A toddler hand covers my face and a small body smelling of sugar flops on my chest.
“Mama, I wanna hold you!”
“My dear, you’re already on me. I’m not sure how much closer we can get.”
Of course, I know she’s really asking for two things: to feel close to me after a week of moving homes, and to have her hand down my bra because groping me still comforts her.
Emotions of anger, frustration, guilt, and exhaustion are all clouding my ability to be at peace.
This level of chaos and internal stress reminds me of the first year of motherhood, when the fresh yo-yo wave of hormone shifts plunged me into depression. In the moments I want to physically remove my toddler from my body, I also remember one particular midnight feeding where I wanted to pass my breastfeeding newborn like a hot potato.
I didn’t know about these things before my child came into my life: the rage, the grief, the anger, or the complex and contradictory emotions I could feel all at once.
I saw mothers as creatures that were either good moms or bad moms, and I often executed a swift judgement on something I was ignorant about. To read of my previous paragraph’s confessions would surely have placed me in the bad mom category.
Now, I know the truth. These thoughts do happen and we can love our children deeply and still hurt. Don’t act on them but please find a safe person to share these thoughts with. Keep the hard conversations going.
After spending over a decade fighting off anxiety and depression and also writing extensively about these topics (see my Mental Health tab), I wanted to share what I learned in therapy today. Not everyone has access to a good therapist or perhaps any therapist and it feels like a crap show out there getting help so here we go.
My Sunday Afternoon
We’re going to find a safe space to think of when our peace is going out the window.
Now as a Christian, I have a lot of thoughts I’ve written about beforehand on peace. You can find those in the archives but today I want to establish that when we may ask “how does Christ bring me peace?” we learn that Christ IS peace.
So my first step to find peace is to seek Jesus. I do this with prayer, even as I am internally screaming. I know he is with me in the broken mess of my mind. I have faith in his power as God to heal us eternally, therefore I have hope and peace in that promise.
Second, I am learning new ways of dealing with the negative feelings and thoughts of my present life. The most recent technique I learned wasn’t given a name beside finding a safe space.
Think of a recent time you felt peace. Where were you and what was happening?
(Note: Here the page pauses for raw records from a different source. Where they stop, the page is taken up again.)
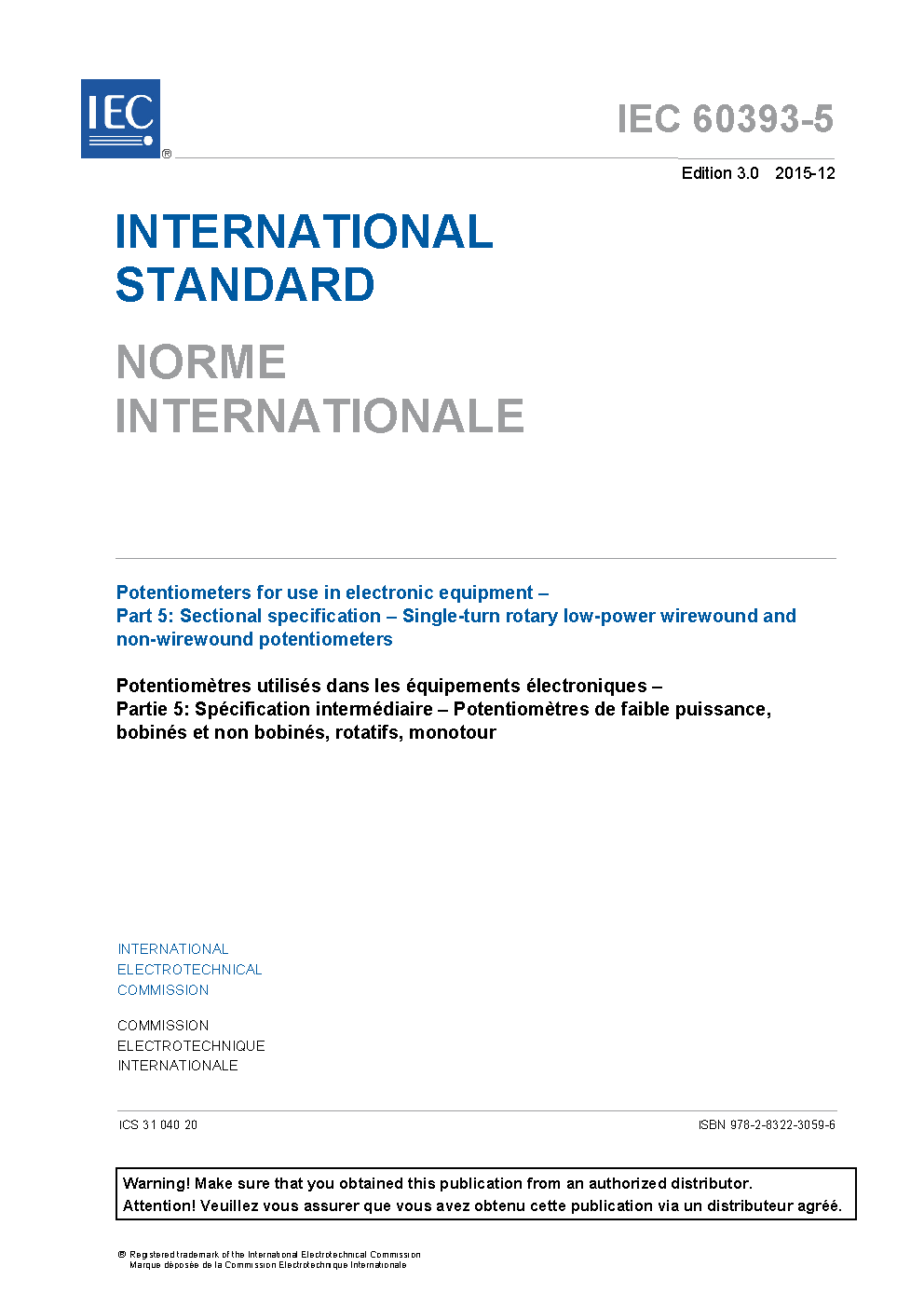 IEC 60393-5:2015 Potentiometers for use in electronic equipment - Part 5: Sectional specification - Single-turn rotary low-power wirewound and non-wirewound potentiometers
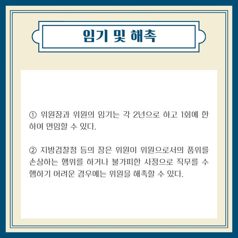 2010년 검사 성접대 사건 등으로 인해 쇠락한 검찰에 대한 국민 신뢰 회복과 검찰 권한 남용 방지를 목적으로 도입되었고, 위원회의 결정에 대해서는 구속력은 없고 권고적 효력만 있습니다.
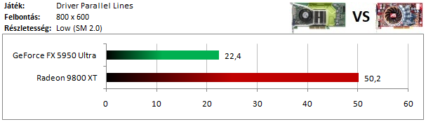 Az SM 2.0 üzemmódot az FX még alacsony részletességi szint mellett is csak játszhatatlan sebességgel képes futtatni, így a 9800 XT hatalmas fölénnyel nyeri ezt a tesztet.
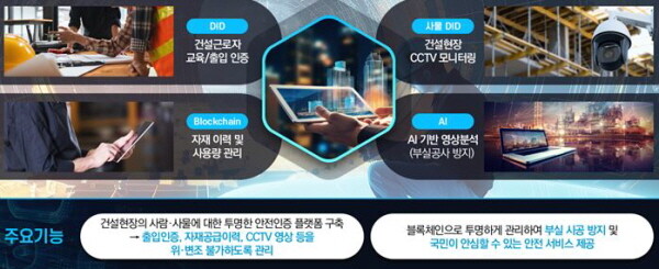 이 서비스는 조작이 불가능한 블록체인 기술을 기반으로 증명된 현장 인력 출입 관리, 인증된 자재 이력 관리, 폐쇄회로(CC)TV, 사물인터넷(IoT)센싱, 인공지능(AI) 등 통합관제 기술을 아파트 건설 현장에 적용해 투명한 공사관리가 이뤄지게 하는 서비스다.

For myself, I’ve called it “my Sunday afternoon” because it was when we went to visit my family in Ohio. My child was taking a nap elsewhere with my mom. I was on their couch reading a book. The football game was on and the sun was making the outdoors glow from autumn skies. The train sounded in the distance and my dad paced between whatever he was cooking in the kitchen and the football game. I was so peaceful that I could fall asleep there.
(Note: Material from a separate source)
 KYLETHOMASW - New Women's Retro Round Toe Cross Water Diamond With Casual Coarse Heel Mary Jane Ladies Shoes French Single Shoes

Figure out your peaceful place and write down the senses that you recall: sight, smell, sound, touch, or taste.
Next, think of a mildly unpleasant experience. Don’t pick something very traumatic. For me it was the feeling of not having time alone after cooking dinner.
Practice going from that experience to the positive safe space in your thoughts. Only do this for a minute or two at a time.
The goal is to make it easier for your body to focus on the safe space rather than the negative ones. Notice the physical feelings your body may experience.
This practice had some unexpected effects on me. One was realizing that a very comforting image I could turn to in hard moments of parenting was myself running into my stepdad’s arms in this safe space for a hug. I imagined him telling me, “you can do hard things. You can find peace.”
It’s not a coincidence that the stress of motherhood has me seeking to be a child running to a parent again, is it?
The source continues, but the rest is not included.